We'll try two different clustering algorithms. K-means and DB-scan.


Our goal is to cluster the data and learn what kinds of customers we have, are they related to one another at all? In order to do this we should try some clustering

## K-means

Let's just make some clusters and evaluate it with their silhouette score. A reminder about the silhouette score

>The best value is 1 and the worst value is -1. Values near 0 indicate overlapping clusters. Negative values generally indicate that a sample has been assigned to the wrong cluster, as a different cluster is more similar.

From : https://scikit-learn.org/stable/modules/generated/sklearn.metrics.silhouette_score.html#sklearn.metrics.silhouette_score

Your Job:
Run a k-means loop on clusters 2-n (you decide how many you want to try!) and see which # of clusters is best.
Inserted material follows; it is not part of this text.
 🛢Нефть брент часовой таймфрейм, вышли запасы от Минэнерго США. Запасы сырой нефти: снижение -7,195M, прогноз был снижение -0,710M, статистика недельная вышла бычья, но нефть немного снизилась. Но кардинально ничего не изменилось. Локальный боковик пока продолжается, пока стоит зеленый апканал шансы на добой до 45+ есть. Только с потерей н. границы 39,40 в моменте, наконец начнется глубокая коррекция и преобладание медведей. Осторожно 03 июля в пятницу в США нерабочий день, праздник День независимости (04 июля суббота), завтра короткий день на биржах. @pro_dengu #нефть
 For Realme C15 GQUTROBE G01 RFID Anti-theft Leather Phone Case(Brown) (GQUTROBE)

You should scale the data first since we are hunting for clusters we definitely want the dimensions to be on the same scale (remember that distance means everything here!).

#### Note:
In an effort to slowly remove your training wheels, I have not important everything you need to accomplish your tasks here.


In [None]:
# clustering
from sklearn.cluster import DBSCAN, KMeans

# clustering metrics
from sklearn.metrics import silhouette_score

In [None]:
# scale your data with a scaler of your choice
ss = StandardScaler()
x_scaled = ss.fit_transform(X)

In [None]:
# random guess for k
kmeans = KMeans(n_clusters = 10)
kmeans.fit(x_scaled)

In [None]:
labels = kmeans.predict(x_scaled)
print(silhouette_score(x_scaled, labels))

In [None]:
for i in range(2,20):
    kmeans = KMeans(n_clusters = i)
    kmeans.fit(x_scaled)
    labels = kmeans.predict(x_scaled)
    print(f"The number of clusters is {i} and the Silhouette score is {silhouette_score(x_scaled, labels)}")

### Cluster Discussion

Ok, so we found the best number of clusters according to the silhouette score.  So what? I mean to say, what do we do with that? We know that according the silhouette score this is the best, but... even if that's correct, _now what_? How do we use these clusters to help us run our business?
How can we learn what these clusters represent?
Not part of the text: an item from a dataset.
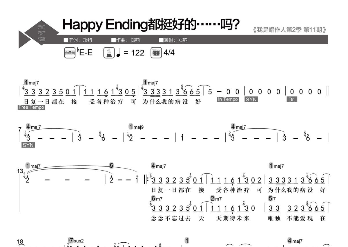 《Happy Ending都挺好的……吗?》是郑钧演唱的一首歌曲,数字级数和弦谱,拍号为4/4拍,歌曲速度为每分钟122拍,这份简谱共有两张高清图谱,图谱由 @老杨教吉他 编配上传【歌曲信息】Key:bE-E Tempo:4/4 每分钟122拍。 【整理信息】按原曲完整整理。 【和弦标记】数字级数。 【和弦难度】大、小三和弦,大六和弦,大、小、属七和弦,大九和弦,挂留和弦。

I can think of one thing to check

1. Look at the feature values of the cluster centroids.

Recall that every cluster in kmeans has a centroid. That centroid is the very _center_ of the cluster, so we can look at the feature values of the centroids and see what they tell us. In theory the centroids represent the cluster (generally). 

We can look at the cluster centroids right now.  Let's examine then with a barplot.

I'm going to give you some code help here.

In [None]:
# fit a kmeans cluster with desired number of components
kmeans = KMeans(3).fit(x_scaled)

In [None]:
X.shape

In [None]:
# look for the centers of your clusters.  
# Hint: your kmeans object has an attribute you'd want to use
centers = kmeans.cluster_centers_
print(kmeans.cluster_centers_.shape)
print(kmeans.cluster_centers_)


In [None]:
# my gift to you
def plot_centroids(centers):
    pd.DataFrame(centers, columns = X.columns).plot(kind = 'bar', figsize = (12,6))
    plt.legend(loc='best', bbox_to_anchor=(0.8, 0.1, 0.5, 0.5)); # bbox is (x,y, width, height)


In [None]:
plot_centroids(centers)

# Examine your centroids

What does your graph tell you?
What features are the most important and contributing towards the clusters?

Extra-Credit: Rerun your clustering algorithm with a _different_ scaling method and re-examine your centroid features. Do they change? Why? What does it mean?

# DB-Scan

Let's now try DB-scan. Remember we have three parameters we need to set
1. `eps` the radius of our circle that we will search in
2. `min_samples` the minimum number of samples we need to find within our radius to call it a cluster
3. `metric` our distance metric.  Defaults to Euclidean (L2-norm).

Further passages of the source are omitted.